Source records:
______
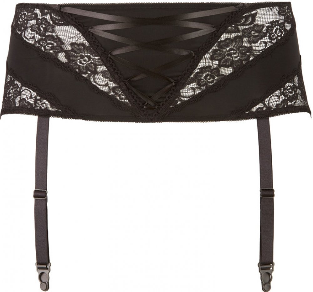 Tento černý podvazkový pás má krajkové vsadky a naznačené šněrování vpředu. Pásek bude hlavní ozdobou každého svůdného outfitu. Čtyři nastavitelné podvazkové pásky drží punčochy na svém místě. Pás má zapínání na háčky vzadu.
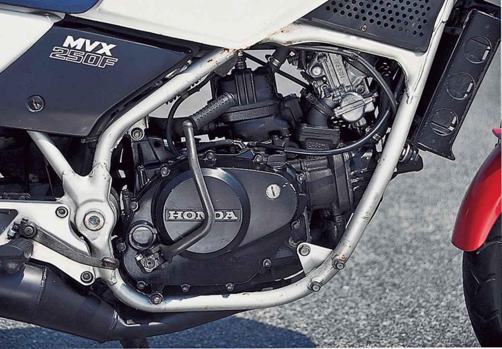 Meskipun sama-sama pakai desain single crankshaft, mesin MVX250F ini pakai 2 silinder di depan plus 1 silinder tambahan yang vertikal dibelakang. Ini tentunya berbanding terbalik dari NS500 yang pakai 1 silinder horizontal alias selonjoran, plus 2 silinder yang vertikal. Kemudian, kalau NS500 itu pakai bank angle 112°, mesin 250cc di MVX250F ini pakai desain bank angle 90°. Dan persis kayak NS500 versi awal yang belum pakai PowerValve, MVX ini juga belum pakai Power Valve. Entah ini kesamaan yang bagus atau justru jelek ya sebenarnya?
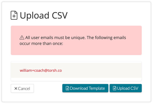 Talent will only accept the CSV file if it is without any errors. If there was an error in your upload, Talent will notify you.
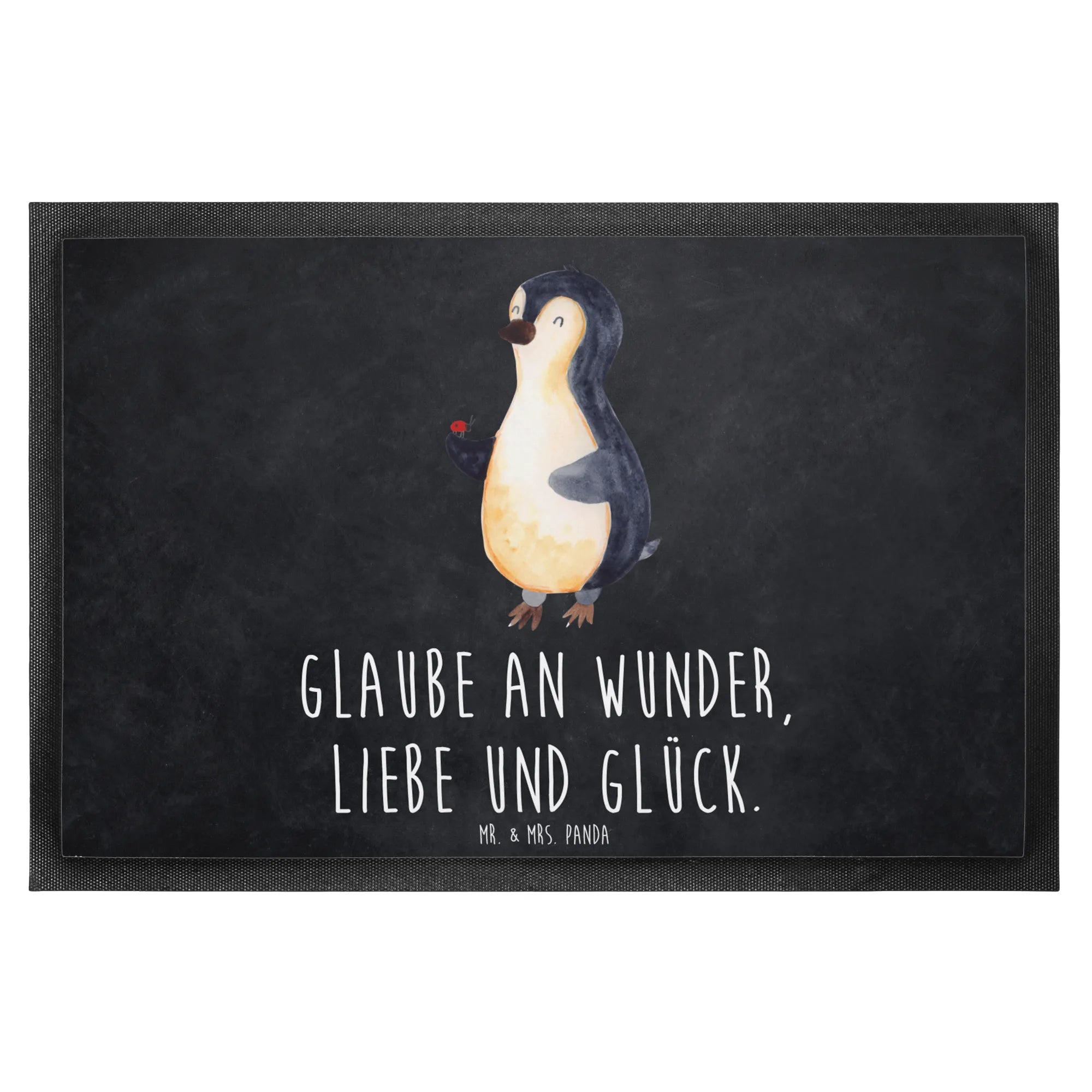 Doormat Penguin ladybug - 40 x 60 cm - with saying - Black
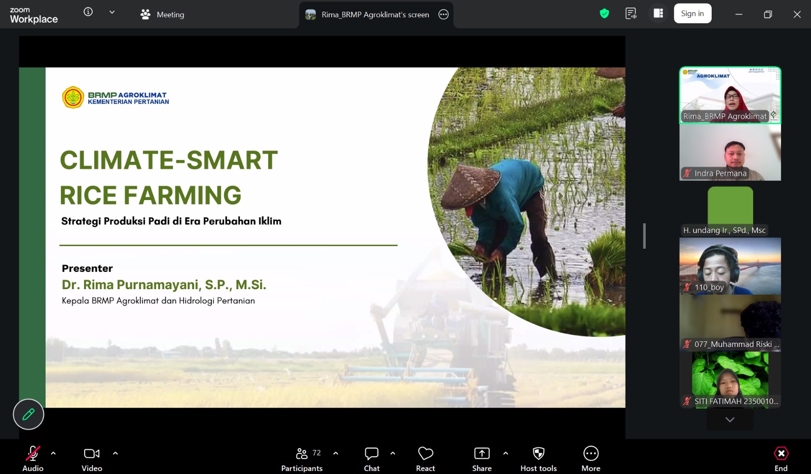 Dalam sesi pemaparannya yang berlangsung pukul 08.00 hingga 10.00 WIB, narasumber membedah berbagai strategi adaptasi dan mitigasi yang krusial bagi sektor pertanian dalam menghadapi tantangan perubahan iklim global. Pendekatan pertanian cerdas iklim (Climate-Smart Agriculture) ditekankan sebagai kunci utama untuk tetap menjaga produktivitas padi secara berkelanjutan sekaligus mengamankan ketahanan pangan nasional.
______
### [Exercise objective]
In the data above, find the line containing "Meskipun sama-sama pakai", then output it and every later line exactly, without the pictures.

### [Task answer]
 Meskipun sama-sama pakai desain single crankshaft, mesin MVX250F ini pakai 2 silinder di depan plus 1 silinder tambahan yang vertikal dibelakang. Ini tentunya berbanding terbalik dari NS500 yang pakai 1 silinder horizontal alias selonjoran, plus 2 silinder yang vertikal. Kemudian, kalau NS500 itu pakai bank angle 112°, mesin 250cc di MVX250F ini pakai desain bank angle 90°. Dan persis kayak NS500 versi awal yang belum pakai PowerValve, MVX ini juga belum pakai Power Valve. Entah ini kesamaan yang bagus atau justru jelek ya sebenarnya?
 Talent will only accept the CSV file if it is without any errors. If there was an error in your upload, Talent will notify you.
 Doormat Penguin ladybug - 40 x 60 cm - with saying - Black
 Dalam sesi pemaparannya yang berlangsung pukul 08.00 hingga 10.00 WIB, narasumber membedah berbagai strategi adaptasi dan mitigasi yang krusial bagi sektor pertanian dalam menghadapi tantangan perubahan iklim global. Pendekatan pertanian cerdas iklim (Climate-Smart Agriculture) ditekankan sebagai kunci utama untuk tetap menjaga produktivitas padi secara berkelanjutan sekaligus mengamankan ketahanan pangan nasional.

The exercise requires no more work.